BBPQ, BBMQ (Pins 7, 5): Baseband Inputs for the Q-channel, each 50Ω input impedance. Internally biased at about
0.54V. Applied voltage must stay below 2.5V.
GND (Pins 2, 4, 6, 9, 10, 12, 15): Ground. Pins 6, 9, 15
and 17 (exposed pad) are connected to each other internally. Pins 2 and 4 are connected to each other internally
and function as the ground return for the LO signal. Pins
10 and 12 are connected to each other internally and
function as the ground return for the on-chip RF balun.

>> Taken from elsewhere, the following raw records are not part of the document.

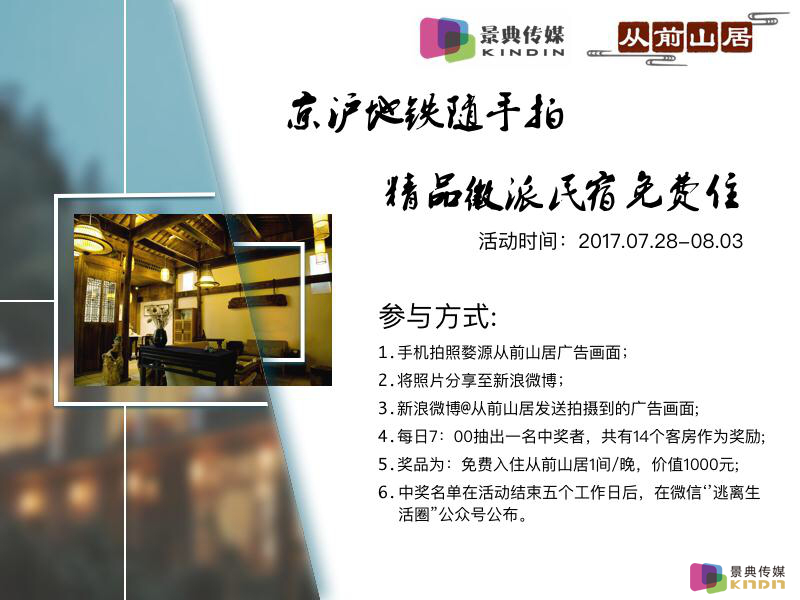 近日,景典传媒把地铁隧道广告又玩出新花样,乘客在乘坐北京地铁一号线从天安门到东单的站点,可参与与婺源从前山居民宿推出“地铁随手拍”活动,拍广告发布微博并@从前山居,即可有机会获得价值1000元的旅游产品。地铁隧道广告与线上抽奖互动结合起来,应该是史上第一个民宿企业以这样的营销方式推向市场。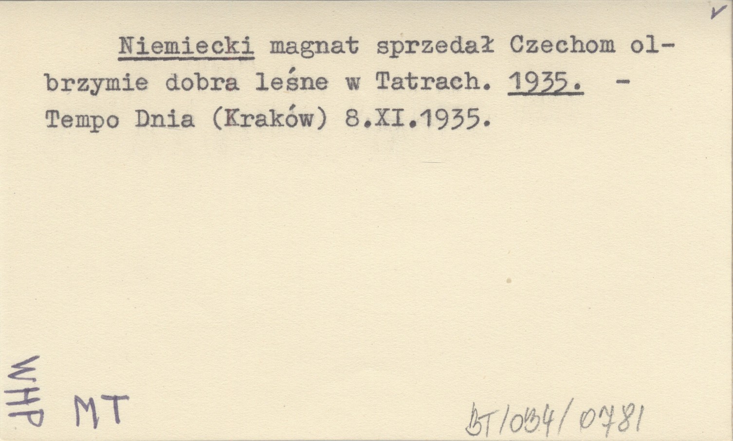 Niemiecki magnat sprzedał Czechom olbrzymie dobra leśne w Tatrach. 1935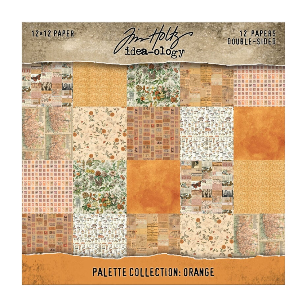 Tim Holtz Idea-ology Palette Collection: Orange 12 x 12. Warm, earthy, and beautifully nostalgic, the Palette Collection: Orange channels the essence of fall, nature, and sun-washed vintage stories. From pumpkin spice tones to deep rust and soft creams, this 12-sheet double-sided collection blends botanical prints, nostalgic textures, travel snippets, ledgers, and cozy check patterns for a grounded, seasonal aesthetic. Autumn-inspired hues that evoke falling leaves, warm afternoons, and rustic charm. A collection of papers perfect for scrapbooking, junk journals, and mixed media arts. Constructed of paper. 12 inches x 12 inches. 12 double-sided papers.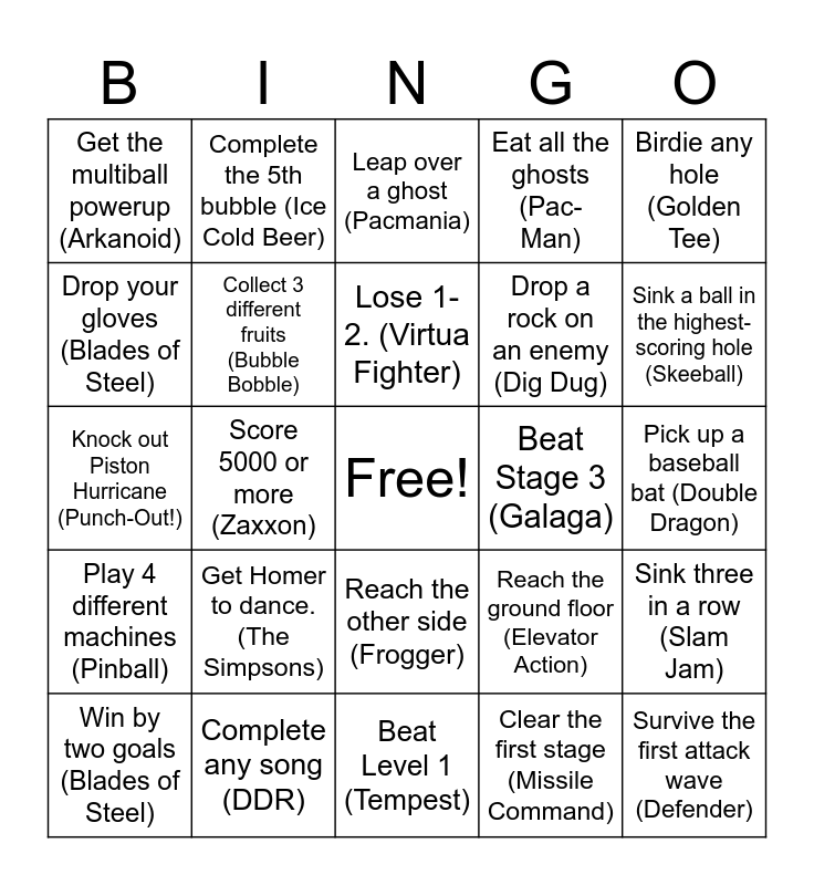 This bingo card has a free space and 54 words: Trigger a multiball (Pinball), Play 4 different machines (Pinball), Score 1,000,000 or more (Pinball), Get run over crossing the street (Frogger), Reach the other side (Frogger), Destory a UFO (Asteroids), Eat all the ghosts (Pac-Man), Clear a level (Pac-Man), Drop your gloves (Blades of Steel), Clear any level (Arkanoid), Get the multiball powerup (Arkanoid), Get mad at the controls (Bezerk), Complete any song (DDR), Win by two goals (Blades of Steel), Play as the best turtle (Teenage Mutant Ninja Turtles), Beat Level 1 (Tempest), Survive the first attack wave (Defender), Drop a rock on an enemy (Dig Dug), Save the princess (Donkey Kong), Pick up a baseball bat (Double Dragon), Reach the ground floor (Elevator Action), Flip your car (Fast and the Furious), Beat Stage 3 (Galaga), Birdie any hole (Golden Tee), Shred. (Guitar Freaks), Complete the 5th bubble (Ice Cold Beer), Accidentally hit a civilian (Maximum Force), Down an enemy jet (Missile Command), Realize you're low on missiles too late (Missile Command), Clear the first stage (Missile Command), Win a flawless victory (Mortal Kombat), Lose. (Any Fighting Game), Eat cherries (Ms. Pac-Man), Sink a 3 pointer (NBA Jam), Leap over a ghost (Pacmania), Keep the ball in play for a volley of 5 or more (Pong), Knock out Piston Hurricane (Punch-Out!), Sink three in a row (Slam Jam), Order dessert. (), Collect 3 different fruits (Bubble Bobble), Make 4 burgers for Erin (no spice!) (Burgertime), Score 5000 or more (Centipede), Win a race (Championship Sprint), Score 20+ (Cracky Crabs), Get Homer to dance. (The Simpsons), Compete in Javelin. (Track & Field), Win any minigame (TRON), Win 2-1. (Virtua Fighter), Lose 1-2. (Virtua Fighter), Score 5000 or more (Zaxxon), Sink a ball in the highest-scoring hole (Skeeball), Score 300 or more (Skeeball), Score every ball in the same hole (Skeeball) and Earn an extra ball (Pinball).

For best RF performance, pins 2, 4, 6, 9, 10, 12, 15 and
the Exposed Pad 17 should be connected to the printed
circuit board ground plane.
VCC (Pins 8, 13): Power Supply. Pins 8 and 13 are connected to each other internally. It is recommended to use
0.1μF capacitors for decoupling to ground on each of
these pins.
LO (Pin 3): LO Input. The LO input is an AC-coupled singleended input with approximately 50Ω input impedance at
RF frequencies. Externally applied DC voltage should be
within the range –0.5V to VCC + 0.5V in order to avoid
turning on ESD protection diodes.
RF (Pin 11): RF Output. The RF output is an AC-coupled
single-ended output with approximately 50Ω output impedance at RF frequencies. Externally applied DC voltage
should be within the range –0.5V to VCC + 0.5V in order
to avoid turning on ESD protection diodes.
BBPI, BBMI (Pins 14, 16): Baseband Inputs for the
I-channel, each with 50Ω input impedance. Internally biased
at about 0.54V. Applied voltage must stay below 2.5V.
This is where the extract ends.